Mackenzie Avenue merchants demand $10,000 each in compensation; threaten law suit if City fails to negotiate

Grizzly Book Shop owner Vanessa Smith (left) speaks to Council as Intense Audio and Video owner Jason Shoji (right) listens. David F. Rooney photo
Grizzly Book Shop owner Vanessa Smith (left) speaks to Council as Intense Audio and Video owner Jason Shoji (right) listens. David F. Rooney photo

By David F. Rooney

Representatives of the merchants who lost business during the recent Grizzly Plaza Expansion along Mackenzie Avenue are demanding $10,000 each in compensation from the City and threaten legal action if it fails to act.

Speaking before City Council today, Grizzly Book and Serendipity Shop owner Vanessa Smith said “merchants have without doubt felt the loss of income and business over the last three months.”

“Most merchants are down 40-50 per cent and during the summer that means we will be paying many bills out of our own pockets and recouping the losses is just a vision,” she told Mayor Dave Raven and Council as 14 supporters listened from the gallery. “We fell the Tort of Private Nuisance… would be appropriate in our situation.”

A tort is a civil action based on interference with one’s enjoyment of their property. There are many difference example of that interference, including dust, noise and the interference with regular business. A Tort of Private Nuisance was used to force the City of Vancouver to pay $600,000 to businesswoman Susan Heyes after construction along Cambie Street grossly interfered with her business.

“In Susan Heyes’ case the courts found that officials had negligently misrepresented the nature of the construction method and created a nuisance causing business losses,” Smith told Council. “(The) damages we are asking for are $10,000 per business.”

Smith’s husband, Robert, publicly told Council he would support his wife and would hire a lawyer to take the City to court if it was unwilling to reach some kind of an agreement with the merchants.

“It’s unfortunate that it has come to this,” Raven told Smith and her supporters. “Council tried to do something that was good for the entire community. I have every confidence that it (the expansion) will be good.”

He promised that Council will discuss and seriously consider the merchants’ demands and will reply after it has deliberated. That could take a week or two. He also asked Smith for a list of the business owners who are supporting the demand for compensation.

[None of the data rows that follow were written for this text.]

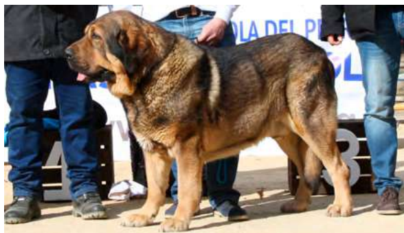
TRECHO DE FILANDÓN
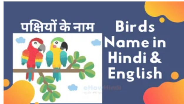
30 Birds Name in Hindi and English - Pakshiyon ke Naam
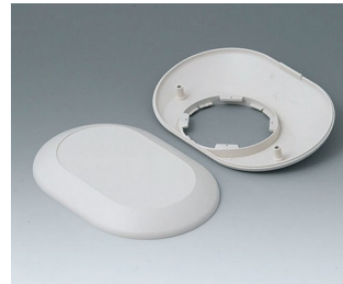
B5015207 Bottom and top part O160 F ABS (UL 94 HB) off-white RAL 9002 160x110x38mm
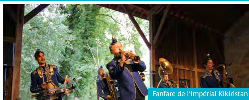
Fanfare de l'Impérial Kikiristan

About 24 businesses are located on Mackenzie Avenue between Victoria Road and Third Street West. Some businesses located on Second and First Street have also complained of lost business during construction.

Does this mean the merchants might actually sue the City? That’s doubtful as even Smith admits that the demand is really a starting point for negotiation.

The merchants all agree that the expansion is needed.

“At the end of the day all of the merchants agree that this is going to be a great thing,” Village Idiot owner Joel Asher told Council when Mayor Raven asked if anyone else had something to add to Smith’s comments.

But that is not the issue. The business owners are angry with Council because they say it failed to adequately notify them about the construction and Councillors didn’t even take the time to ask them how things were going after all the fences were erect, giant holes dug and sidewalks ripped apart.

As reported in The Revelstoke Current over the last three weeks, the merchants have for weeks been upset with what they see as Council’s failure to properly notify them about the construction or even heed their complaints. At least two business owners, Smith and Jason Shoji of Intense Audio Visual, had complained directly to City Hall. Smith even wrote a letter dated May 29 but did not receive a reply until a month later.

To be fair to the City, it did advertise in the local weekly newspaper that construction was due to begin but Smith complained that the ads are so dull and the font used so small that no one can read them. This is an old complaint about the City’s ads, which it is legally required to place in what government deems the “newspaper of record,” and one that municipal officials have been at a loss to fix.

Regardless, business did suffer during construction as both regular local customers and tourists shied away from a downtown core that was in such visible disarray that appeared to be virtually inaccessible.

The expansion was to have been completed June 22, but problems with the bricks and the subterranean piping along Mackenzie forced an extension on the project until July 23. It was not actually completed until July 24 and even so, the bricks that were laid at the intersection of First and Mackenzie may be substandard. They are also unevenly laid. And the mayor said they, too, may well need replacement in a year

The project was supposed to cost about $1 million and, while all the bills have not yet come in, it may be over budget.